Introduction
randomized controlled experiments are a powerful tool for researchers seeking to establish causal relationships between interventions and outcomes. However, in the context of social science and policy research, experiments can be expensive, impractical, and often ethically questionable to run. Imagine, for example, a country that randomly assigns its regions into treatment and control groups when implementing criminal justice reform, aiming to determine the effectiveness of the change, all else equal. While such an approach might intrigue a few scientists, it would rightly incite outrage among the general population. Up until recently, quantitative social scientists often resorted to running simple OLS regressions on observational data and reported correlations between variables as the estimated effects.

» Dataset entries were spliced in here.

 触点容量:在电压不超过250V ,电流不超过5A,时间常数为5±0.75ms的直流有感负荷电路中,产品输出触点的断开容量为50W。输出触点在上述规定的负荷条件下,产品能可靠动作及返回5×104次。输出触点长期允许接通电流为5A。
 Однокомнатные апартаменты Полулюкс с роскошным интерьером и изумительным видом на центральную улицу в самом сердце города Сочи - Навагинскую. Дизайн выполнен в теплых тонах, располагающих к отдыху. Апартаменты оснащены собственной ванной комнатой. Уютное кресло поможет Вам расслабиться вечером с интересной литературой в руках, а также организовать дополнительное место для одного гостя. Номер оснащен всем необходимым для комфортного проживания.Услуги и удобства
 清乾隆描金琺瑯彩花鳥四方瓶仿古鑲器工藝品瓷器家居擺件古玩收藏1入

This has changed with the introduction of methods that allow researchers identify random assignment of treatment in existing data. Through a bit of creativity, these techniques enable the construction of artificial treatment and control groups without running an actual experiment.

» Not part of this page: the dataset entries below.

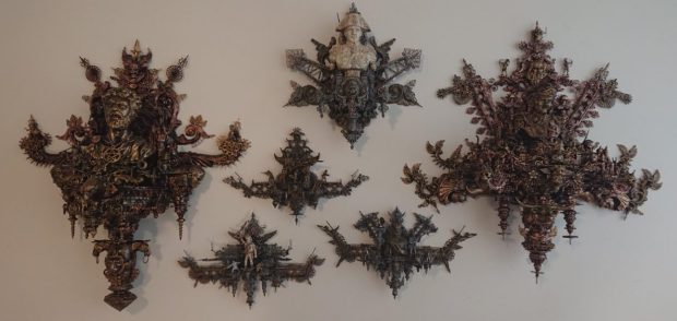 Geïnspireerd door barok, neoklassiek, ornamenten en oude constructies creëer ik assemblages van allerlei materialen, waarbij een centraal figuur wordt omringd door vormen en gedaantes.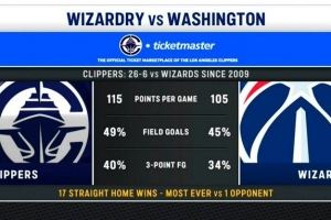 快船主場對陣奇才取得17連勝,是球隊(duì)主場對陣某個(gè)對手的最長連勝。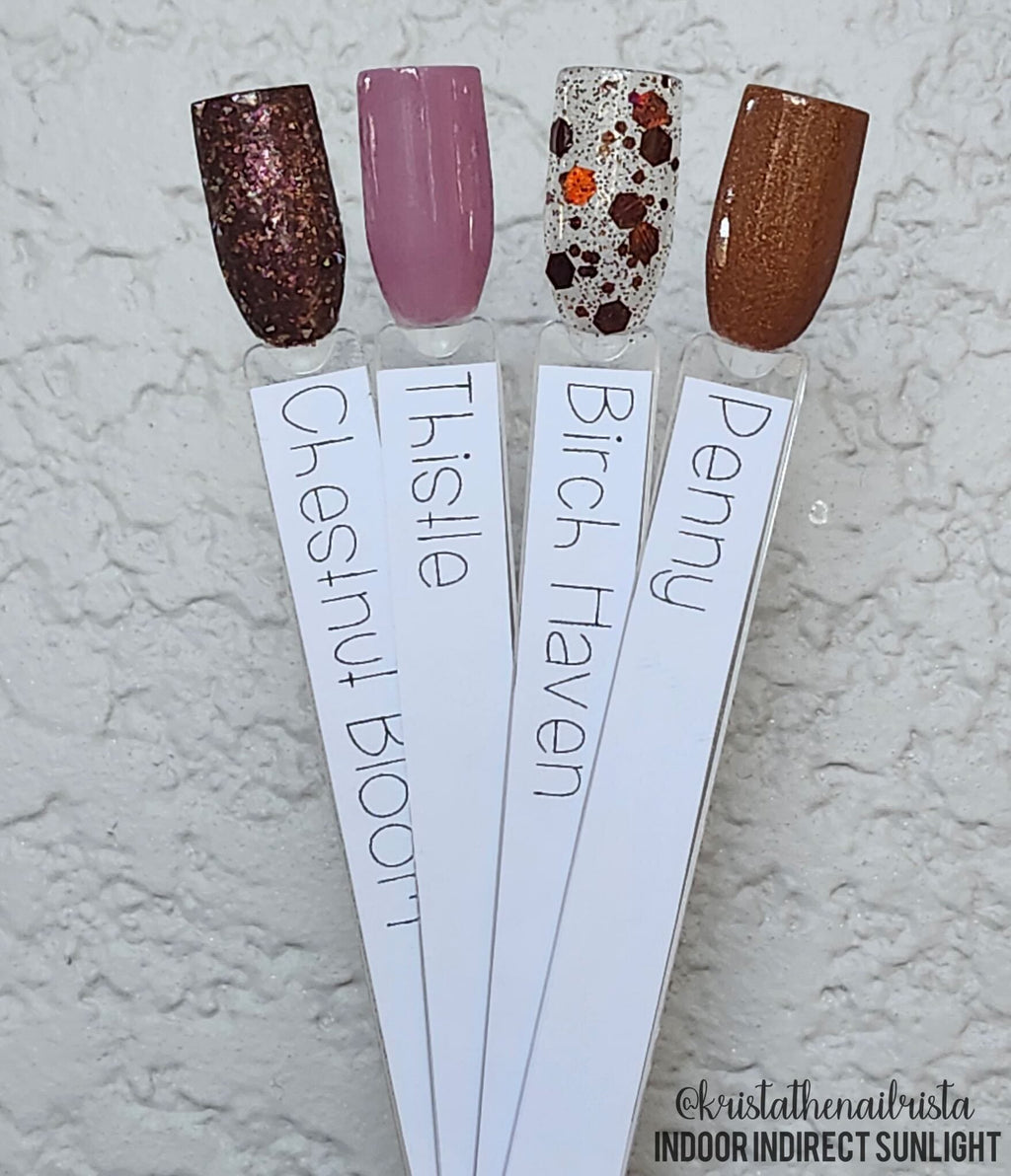 -Birch Haven is a multi-faceted confetti shade featuring a sheer base generously sprinkled with a mix of brown, copper, and bronze metallic glitters in various sizes. Can be used as an overlay also!

The collective impact of introducing these models has been described as a ‘credibility revolution’ in economics and even led to a shared Nobel prize. Guido Imbens, one of the key contributors to this development, describes a recent addition to the set — the synthetic control method - as “arguably the most important innovation in the policy evaluation literature in the last 15 years” (Athey & Imbens, 2017). In this article, I will offer a practical example of how this method can be applied to a real and current policy case in the energy sector. The article presents a condensed version of an evaluation plan, developed for Sweden’s assessment of its excise tax exemption for high-blended biofuels — an assignment requested by the European Commission. The article also includes an application of the method to real data and preliminary results.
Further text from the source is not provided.